When he finished there then he went in the Navy to pay the government back, more or less, by giving them five years of service. But after that he didn't want to stay. He came out and, of course, set up his own practice.

But it's usually the reverse. You go in the service first then you come out and get your education. But because of his recommendation he was able to do it-- get his degree first. He helped in that sense. But they-- he has never given any of them money.

Dan Rather:
But I want to make sure I understand this. As a senator, senator, the doctor, needed to pay back his government loans, as a senator, Strom Thurman helped him get into the Navy where he could pay back with five years of service what he had owed the government for his medical--

Essie Mae Williams:
That took my son a long time to pay that back. It was several years-- to pay that back. But he paid it all back.

Dan Rather:
Well, how proud you must be. You have one son who's a physician.

Essie Mae Williams:
Yes.

Dan Rather:
Another son who's an attorney.

Essie Mae Williams:
And my other son is working with the MTA up in the Seattle area.

Dan Rather:
Mass transit.

Essie Mae Williams:
Yeah, and it's just the two sons. Then I have the two daughters.

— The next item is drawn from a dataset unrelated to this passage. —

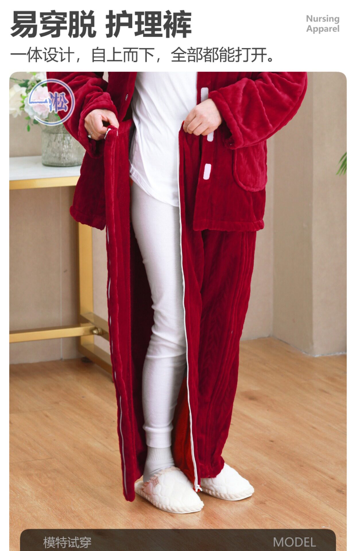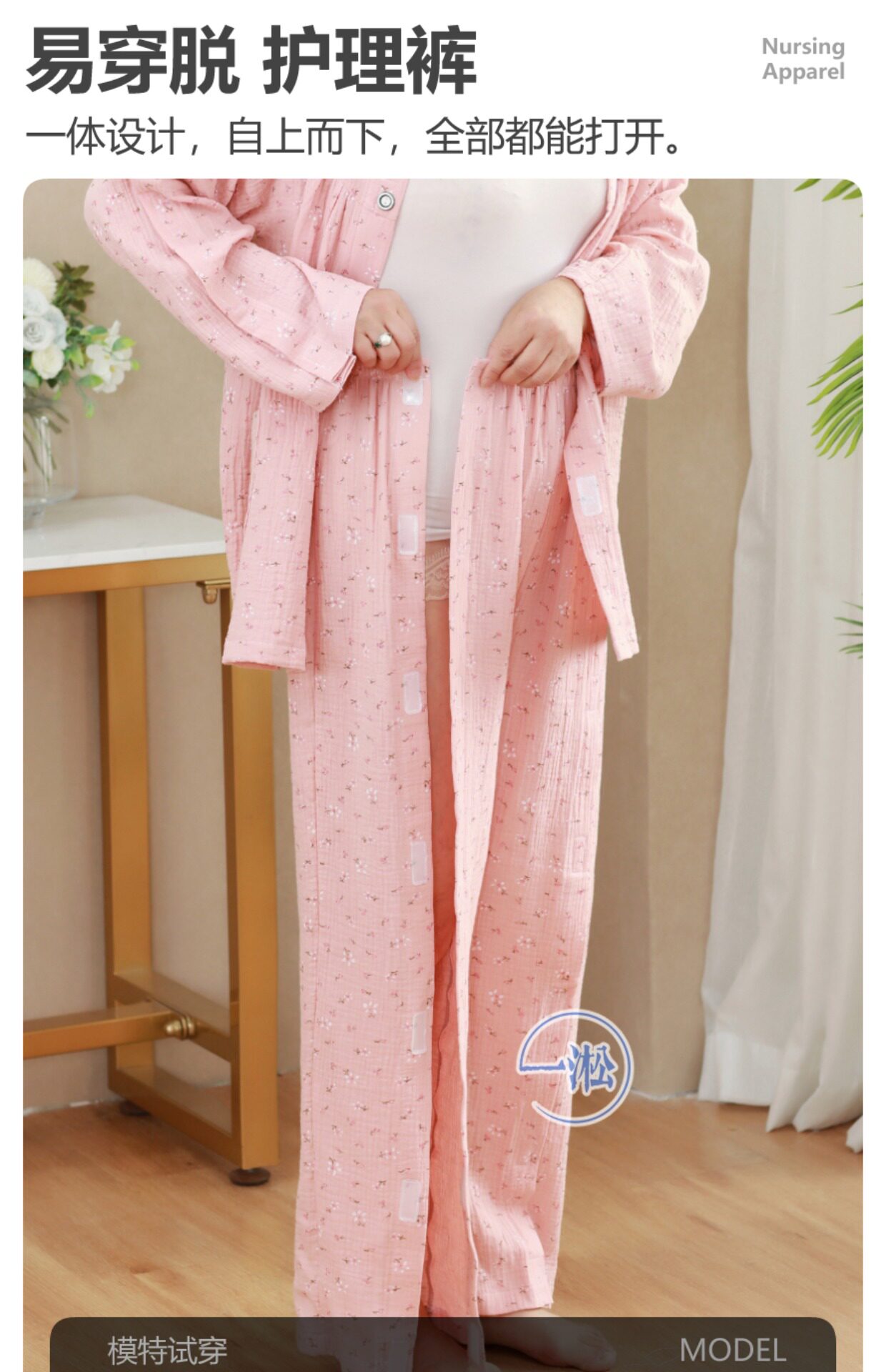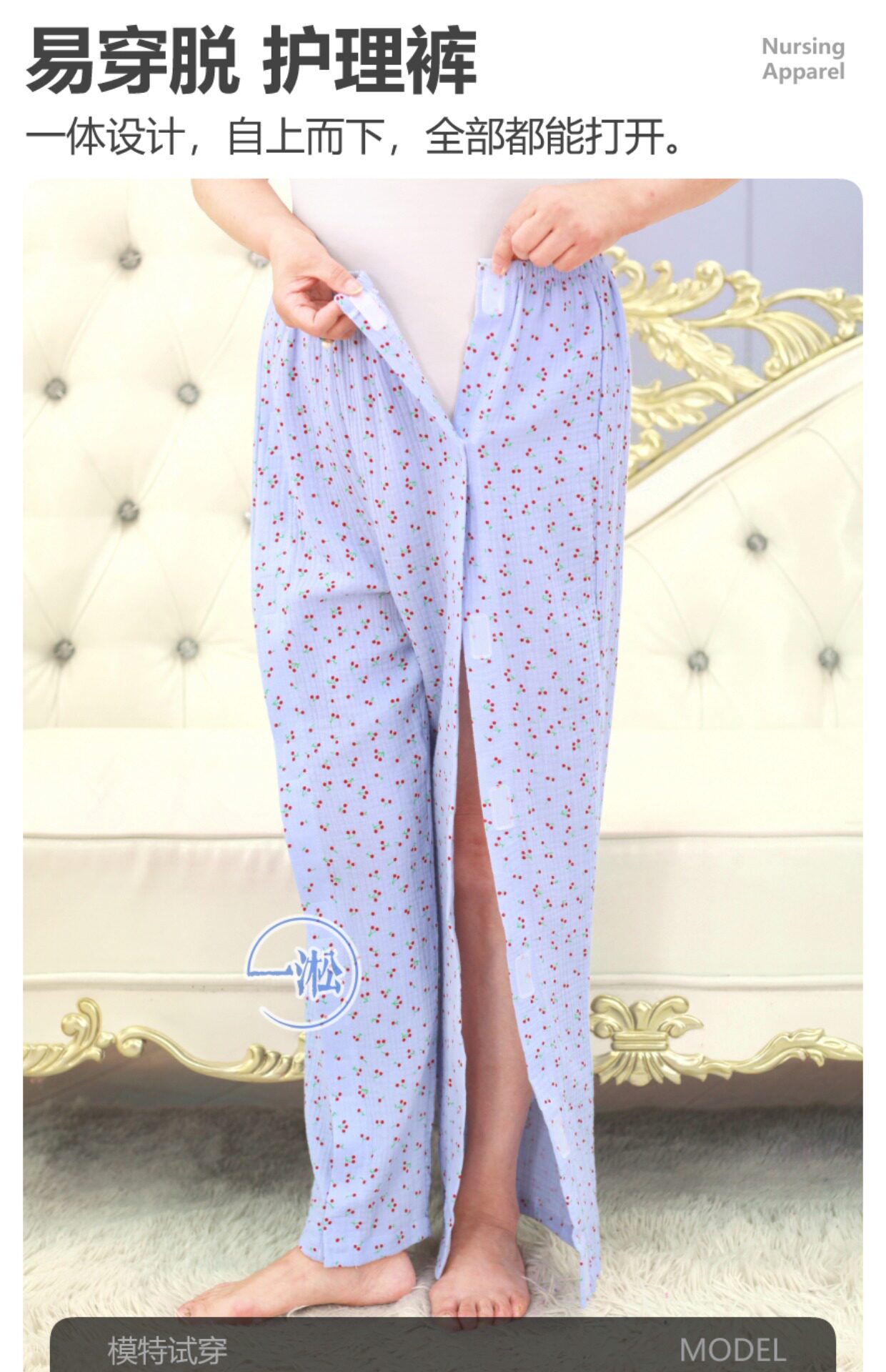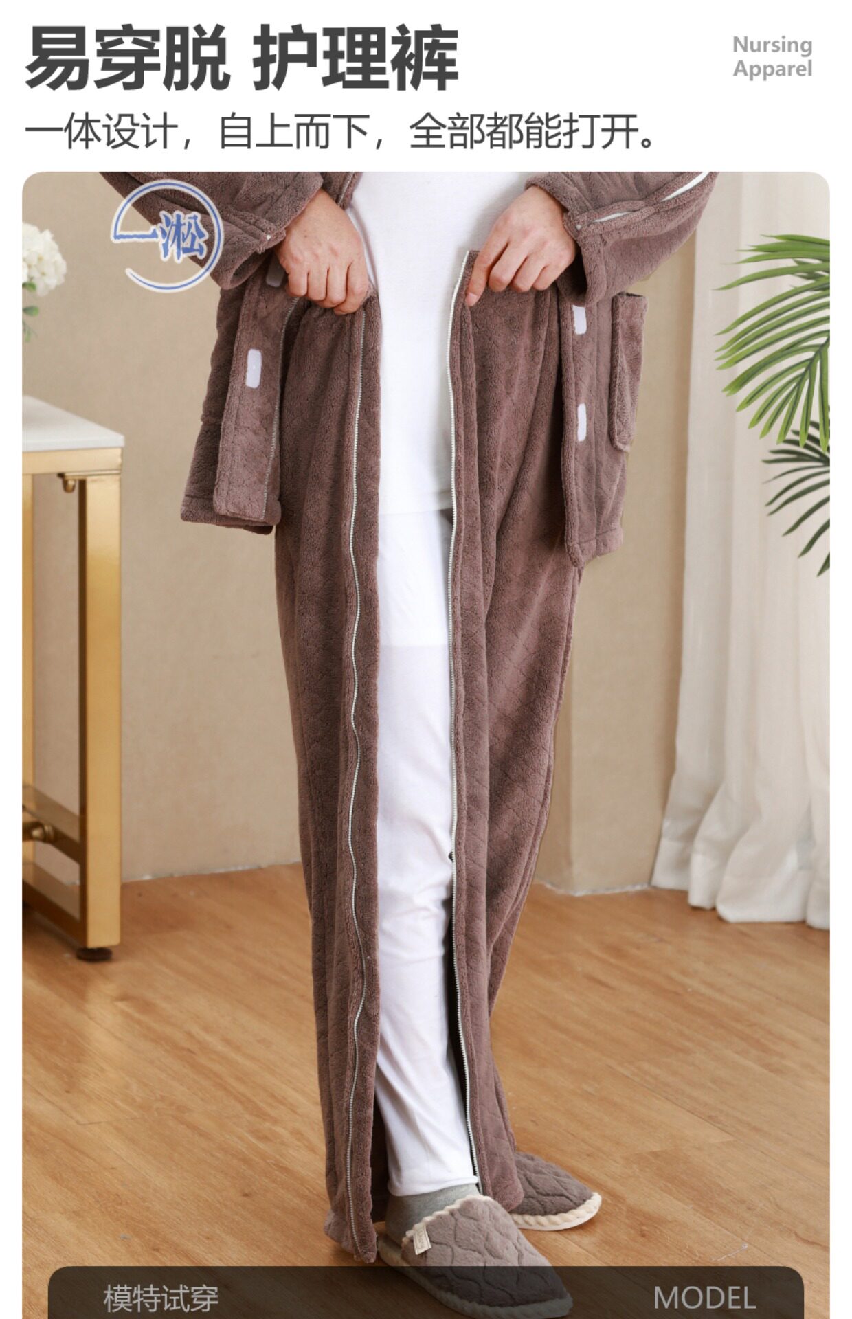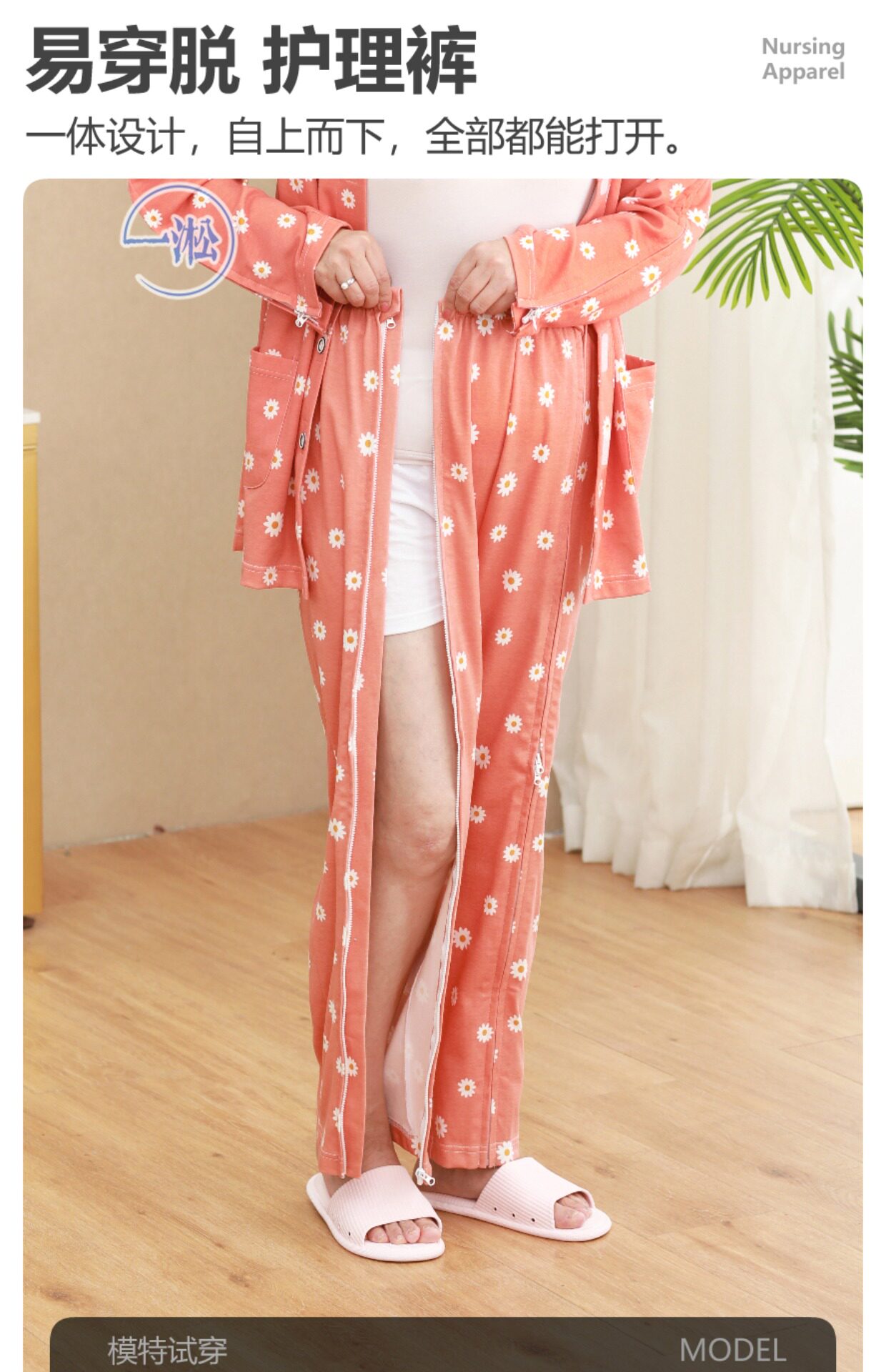 骨折病人受傷打石膏易穿脫護理褲偏癱臥床老人開邊褲一片式病號褲

My one daughter is doing social work up in Washington. And the other daughter here-- Wanda's here today. And she's with me. And she's also doing a great type of work in her field.

Dan Rather:
Which is?

Essie Mae Williams:
She's in the computer field.

Dan Rather:
Computer field. Take a look at this. And what a job you've done, you and your husband. Raising a wonderful family of children. Was Strom Thurman proud of that in any way? Did he ever express--

Essie Mae Williams:
Oh, yes. He thought they were very lovely children. Uh-huh .

Dan Rather:
Indeed, they are.

Essie Mae Williams:
In fact, when my first child was born, he was born in Koso (PH), Pennsylvania. And on one of my trips to Washington I took, he was about six-months-old. I took him to Washington with me. So when we went to visit, of course, he was just a baby. We went to visit him. And that was the first time he'd seen his first grandchild for the first time.

Dan Rather:
What was his reaction?

Essie Mae Williams:
Well, he thought it was -- he was a beautiful baby. And, of course, there were a few more after that. But I had the four children. He didn't see the others until they were older. He was the only one he saw when he was a young baby.

Dan Rather:
Was your older son?

Essie Mae Williams:
My oldest son.

Dan Rather:
But he met the other children--

Essie Mae Williams:
He met all of them. Remember when I said he was speaking at this church. And I took them over on Wilshire. And that time, after he finished his speech we went up and I introduced him to all of those for the first time. And he was very elated. He was glad to see them because they were teenagers.

Dan Rather:
What was his mood? What was it-- did he beam? Or did he--

Essie Mae Williams:
Yes. Because these were his first grandchildren even though he wasn't around very much. He thought I had a lovely family. He always thought that I was a lovely person. That's why he was helpful to me because he felt like I deserved it.